### Task details
Your job with the data below: print everything from the line that holds "One lady's, hand" down to the line that holds "Instead of reinventing", ends included, exactly, and nothing else.

### Material shown
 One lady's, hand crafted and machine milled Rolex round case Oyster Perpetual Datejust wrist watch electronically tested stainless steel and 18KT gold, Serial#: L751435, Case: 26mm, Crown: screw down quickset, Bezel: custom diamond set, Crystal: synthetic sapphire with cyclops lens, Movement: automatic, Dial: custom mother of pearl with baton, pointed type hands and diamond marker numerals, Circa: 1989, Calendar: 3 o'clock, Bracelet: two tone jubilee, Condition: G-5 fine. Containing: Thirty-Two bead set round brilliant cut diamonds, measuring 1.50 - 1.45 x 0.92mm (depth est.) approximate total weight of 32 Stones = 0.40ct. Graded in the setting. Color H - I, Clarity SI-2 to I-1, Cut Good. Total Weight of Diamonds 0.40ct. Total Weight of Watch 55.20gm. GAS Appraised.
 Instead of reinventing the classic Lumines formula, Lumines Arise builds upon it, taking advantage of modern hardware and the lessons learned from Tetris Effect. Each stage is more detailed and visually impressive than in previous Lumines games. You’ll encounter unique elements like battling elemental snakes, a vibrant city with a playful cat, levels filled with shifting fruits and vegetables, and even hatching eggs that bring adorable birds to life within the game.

---

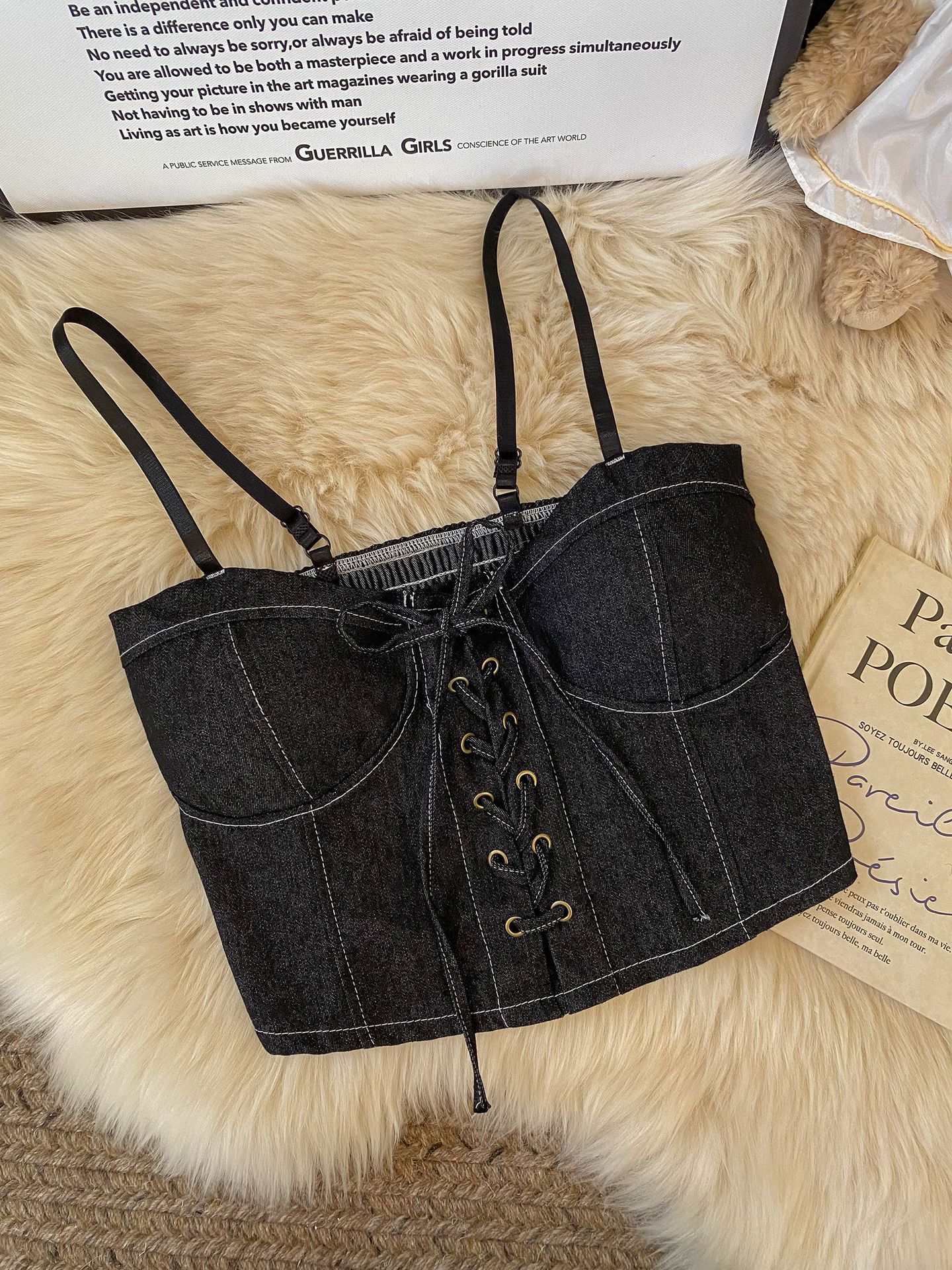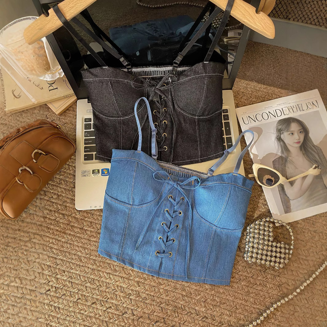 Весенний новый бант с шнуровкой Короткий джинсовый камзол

### Final answer
 One lady's, hand crafted and machine milled Rolex round case Oyster Perpetual Datejust wrist watch electronically tested stainless steel and 18KT gold, Serial#: L751435, Case: 26mm, Crown: screw down quickset, Bezel: custom diamond set, Crystal: synthetic sapphire with cyclops lens, Movement: automatic, Dial: custom mother of pearl with baton, pointed type hands and diamond marker numerals, Circa: 1989, Calendar: 3 o'clock, Bracelet: two tone jubilee, Condition: G-5 fine. Containing: Thirty-Two bead set round brilliant cut diamonds, measuring 1.50 - 1.45 x 0.92mm (depth est.) approximate total weight of 32 Stones = 0.40ct. Graded in the setting. Color H - I, Clarity SI-2 to I-1, Cut Good. Total Weight of Diamonds 0.40ct. Total Weight of Watch 55.20gm. GAS Appraised.
 Instead of reinventing the classic Lumines formula, Lumines Arise builds upon it, taking advantage of modern hardware and the lessons learned from Tetris Effect. Each stage is more detailed and visually impressive than in previous Lumines games. You’ll encounter unique elements like battling elemental snakes, a vibrant city with a playful cat, levels filled with shifting fruits and vegetables, and even hatching eggs that bring adorable birds to life within the game.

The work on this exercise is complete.